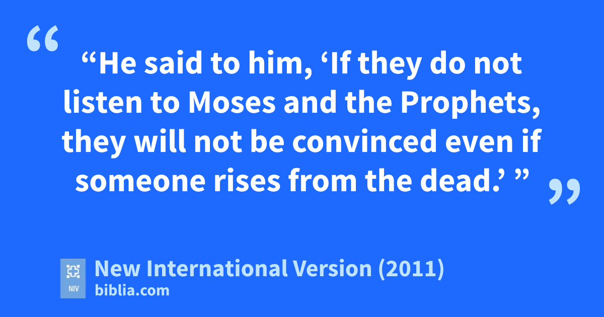 31 “He said to him, ‘If they do not listen to Moses and the Prophets, they will not be convinced even if someone rises from the dead.’ ”
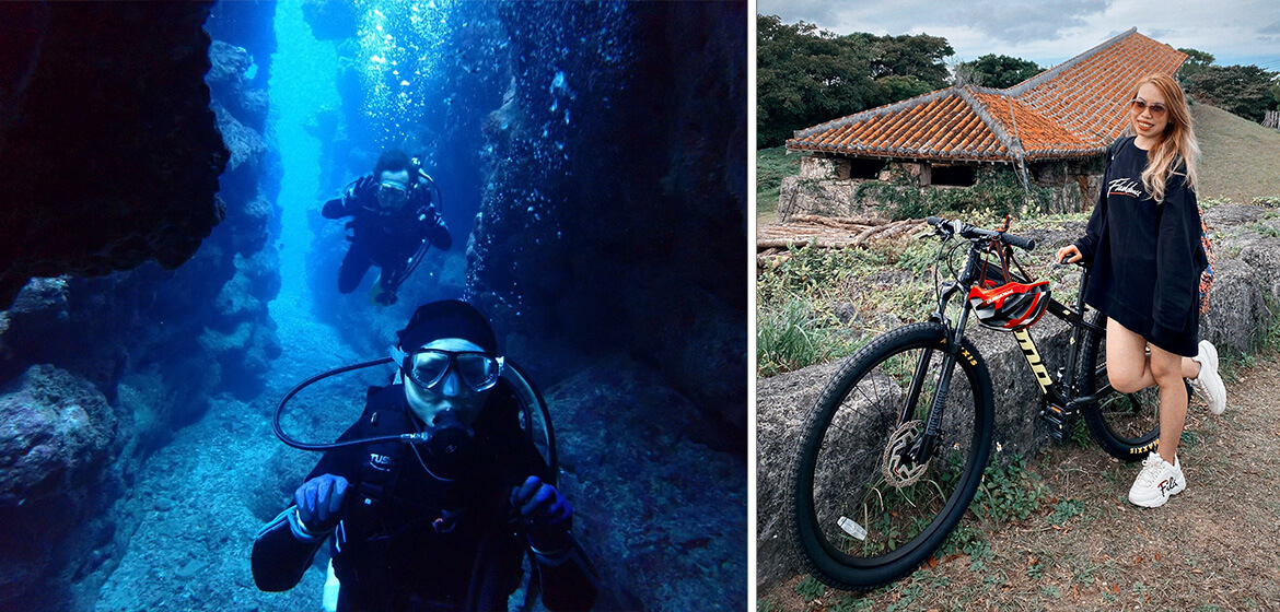 ワーケーションにおける、もう一つの側面であるバケーションについても、休日は各々ダイビングやレンタカー・レンタサイクルで周辺の観光に行き、沖縄を堪能したようです。 アクティビティがあり、休日の選択肢が多いことも沖縄でのワーケーションのメリットです。
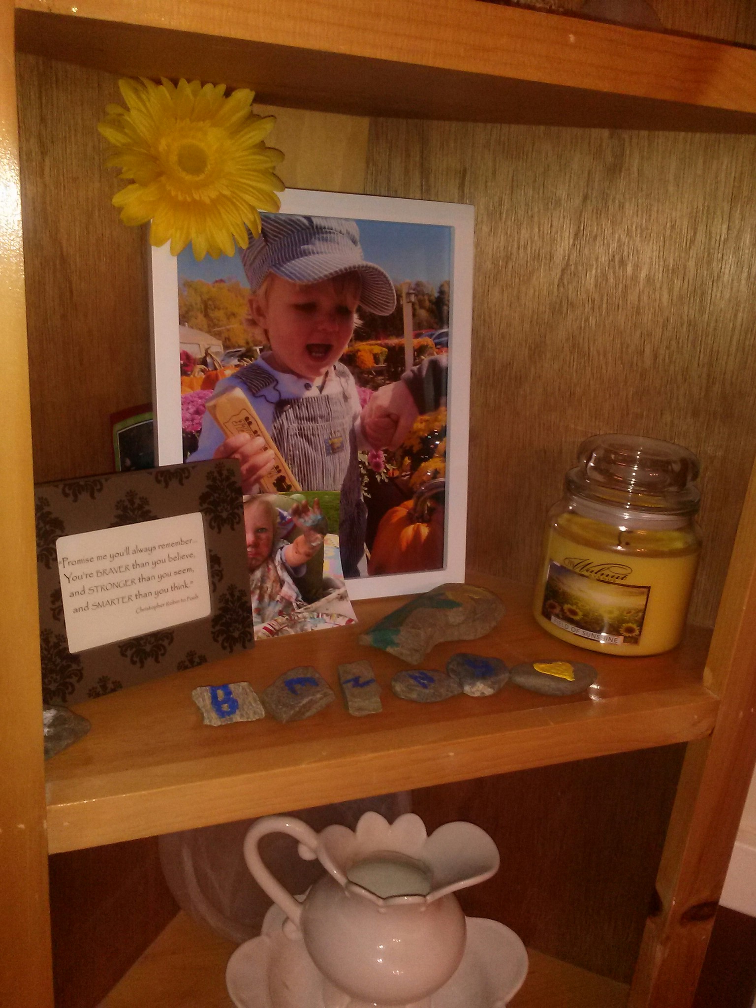 In the dining room, we have a ‘Benny shelf.’ It’s where his picture that we used for his obituary is kept as well as many, many other treasures that we have received. We have the rocks that my friends daughters painted with Benny’s name on them, angels and sunflowers (this is before we made the sunflower connection, right after the accident). We have a picture of him covered in cake from his first birthday because this makes Darcy laugh. There is a sunflower that was given to me by my LDS friends in a basket (again, they had no idea about the connection). I also have a sunflower candle and the Winnie the Pooh quote from my friend Sue. She said that she had the Pooh quote forever and it seemed fitting, not knowing that we had used it in Benny’s services. We usually have Benny’s bus there too, which is his little matchbox car that he was obsessed with. He would walk around and make engine noises, say ‘bus’ and drive it everywhere (including a friends knee’s right after surgery). This has become our Benny space.

Your objective: The expected result is the data above in exact form, free of pictures.

Reply:
 31 “He said to him, ‘If they do not listen to Moses and the Prophets, they will not be convinced even if someone rises from the dead.’ ”
 ワーケーションにおける、もう一つの側面であるバケーションについても、休日は各々ダイビングやレンタカー・レンタサイクルで周辺の観光に行き、沖縄を堪能したようです。 アクティビティがあり、休日の選択肢が多いことも沖縄でのワーケーションのメリットです。
 In the dining room, we have a ‘Benny shelf.’ It’s where his picture that we used for his obituary is kept as well as many, many other treasures that we have received. We have the rocks that my friends daughters painted with Benny’s name on them, angels and sunflowers (this is before we made the sunflower connection, right after the accident). We have a picture of him covered in cake from his first birthday because this makes Darcy laugh. There is a sunflower that was given to me by my LDS friends in a basket (again, they had no idea about the connection). I also have a sunflower candle and the Winnie the Pooh quote from my friend Sue. She said that she had the Pooh quote forever and it seemed fitting, not knowing that we had used it in Benny’s services. We usually have Benny’s bus there too, which is his little matchbox car that he was obsessed with. He would walk around and make engine noises, say ‘bus’ and drive it everywhere (including a friends knee’s right after surgery). This has become our Benny space.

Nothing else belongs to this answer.